● Dataset records:
□ □ □ □
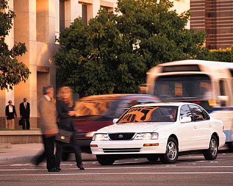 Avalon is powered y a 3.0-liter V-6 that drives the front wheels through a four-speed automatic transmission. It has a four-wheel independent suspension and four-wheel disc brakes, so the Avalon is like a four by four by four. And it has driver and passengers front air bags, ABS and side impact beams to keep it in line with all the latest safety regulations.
□ □ □ □
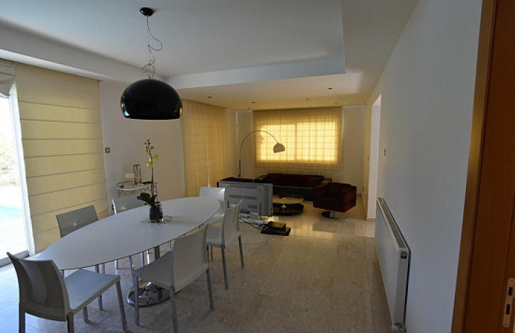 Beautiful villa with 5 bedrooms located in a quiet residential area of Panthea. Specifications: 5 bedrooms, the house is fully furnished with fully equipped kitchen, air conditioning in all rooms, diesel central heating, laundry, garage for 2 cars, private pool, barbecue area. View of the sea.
□ □ □ □
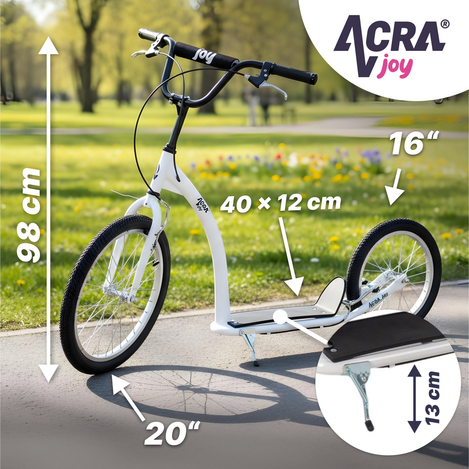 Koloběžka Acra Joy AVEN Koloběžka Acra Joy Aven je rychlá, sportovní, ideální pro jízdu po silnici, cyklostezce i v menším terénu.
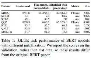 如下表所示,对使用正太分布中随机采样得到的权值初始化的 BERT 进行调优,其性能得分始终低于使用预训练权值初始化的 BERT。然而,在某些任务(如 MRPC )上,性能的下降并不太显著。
□ □ □ □
● Requirement: Only one stretch of the data is wanted: write out exactly the lines from the one holding "Koloběžka Acra Joy AVEN Koloběžka" through the one holding "如下表所示,对使用正太分布中随机采样得到的权值初始化的 BERT 进行调优,其性能得分始终低于使用预训练权值初始化的", both included, without the pictures.

● Solution to this task:
 Koloběžka Acra Joy AVEN Koloběžka Acra Joy Aven je rychlá, sportovní, ideální pro jízdu po silnici, cyklostezce i v menším terénu.
 如下表所示,对使用正太分布中随机采样得到的权值初始化的 BERT 进行调优,其性能得分始终低于使用预训练权值初始化的 BERT。然而,在某些任务(如 MRPC )上,性能的下降并不太显著。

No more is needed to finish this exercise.